▶ [WHAT THE EXERCISE ASKS]: Output only the lines that run from the line holding "Cancer Research UK" to the end of the entries, both ends included, and skip the pictures.

##### EXTRACTED ENTRIES

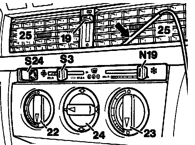13 Check cutout temperature of temperature slide control by moving air volume slide switch to stage 1. Run engine at approx. 2000 rpm. Alter the 3rd cutout of the electromagnetic clutch, the air outlet temperature at the center outlet should not be less than approx. +3 °C; check evaporator temperature sensor if necessary.
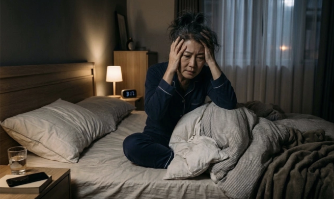 Cancer Research UK liệt kê chứng mất ngủ là một triệu chứng tiềm ẩn của ung thư. Ảnh tạo bởi AI
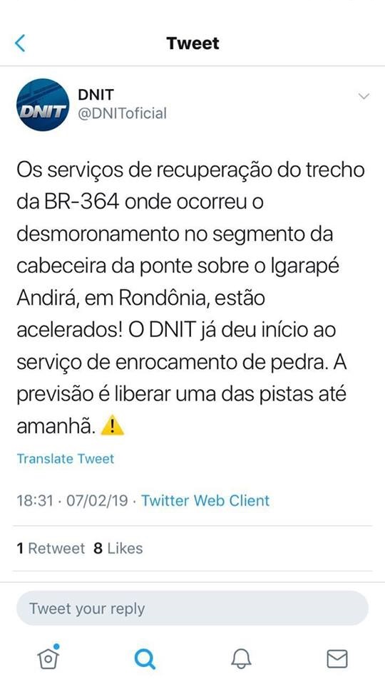 O Dnit informa via redes sociais que amanhã poderá liberar meia pista. Pelo fato da chuva ter dado uma cessada, o trabalho foi agilizado pela equipe do DNIT com a retirada da parte que cedeu.
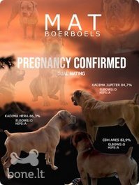Text: Su didžiule širdimi pranešame apie Pietų Afrikos Mastifo - Boerboel šuniukų vados, kilusių iš čempionų linijos! Šie nuostabūs šunys žinomi dėl savo ištikimybės, intelekto ir išskirtinių apsauginių savybių.
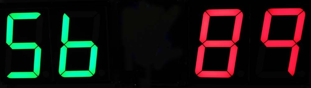 The left-hand side digits are displayed in RED and the right-hand side digits are displayed in GREEN or BLUE.
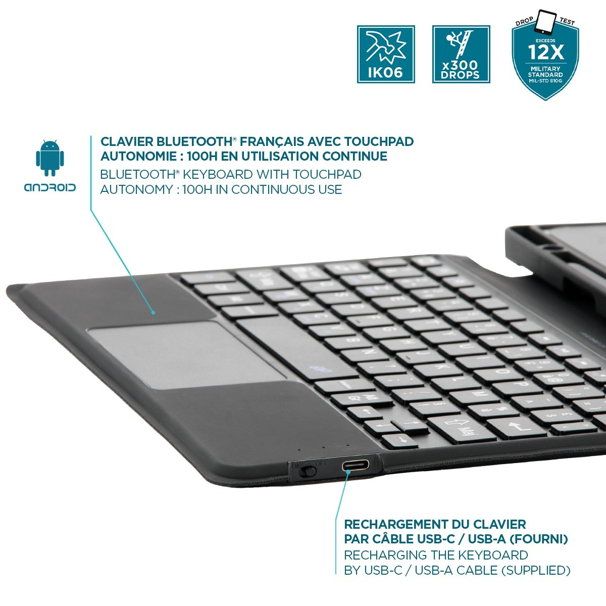 Le clavier Bluetooth® est très facile à utiliser et à appareiller à votre iPad 10.9'' (touches Fn + Connect en simultané pour activer l’appairage). Il offre jusqu’à 100h d’autonomie en usage continu et se charge par un câble USB-C/ USB-A four

##########

▶ [EXERCISE RESPONSE]:
 Cancer Research UK liệt kê chứng mất ngủ là một triệu chứng tiềm ẩn của ung thư. Ảnh tạo bởi AI
 O Dnit informa via redes sociais que amanhã poderá liberar meia pista. Pelo fato da chuva ter dado uma cessada, o trabalho foi agilizado pela equipe do DNIT com a retirada da parte que cedeu.
Text: Su didžiule širdimi pranešame apie Pietų Afrikos Mastifo - Boerboel šuniukų vados, kilusių iš čempionų linijos! Šie nuostabūs šunys žinomi dėl savo ištikimybės, intelekto ir išskirtinių apsauginių savybių.
 The left-hand side digits are displayed in RED and the right-hand side digits are displayed in GREEN or BLUE.
 Le clavier Bluetooth® est très facile à utiliser et à appareiller à votre iPad 10.9'' (touches Fn + Connect en simultané pour activer l’appairage). Il offre jusqu’à 100h d’autonomie en usage continu et se charge par un câble USB-C/ USB-A four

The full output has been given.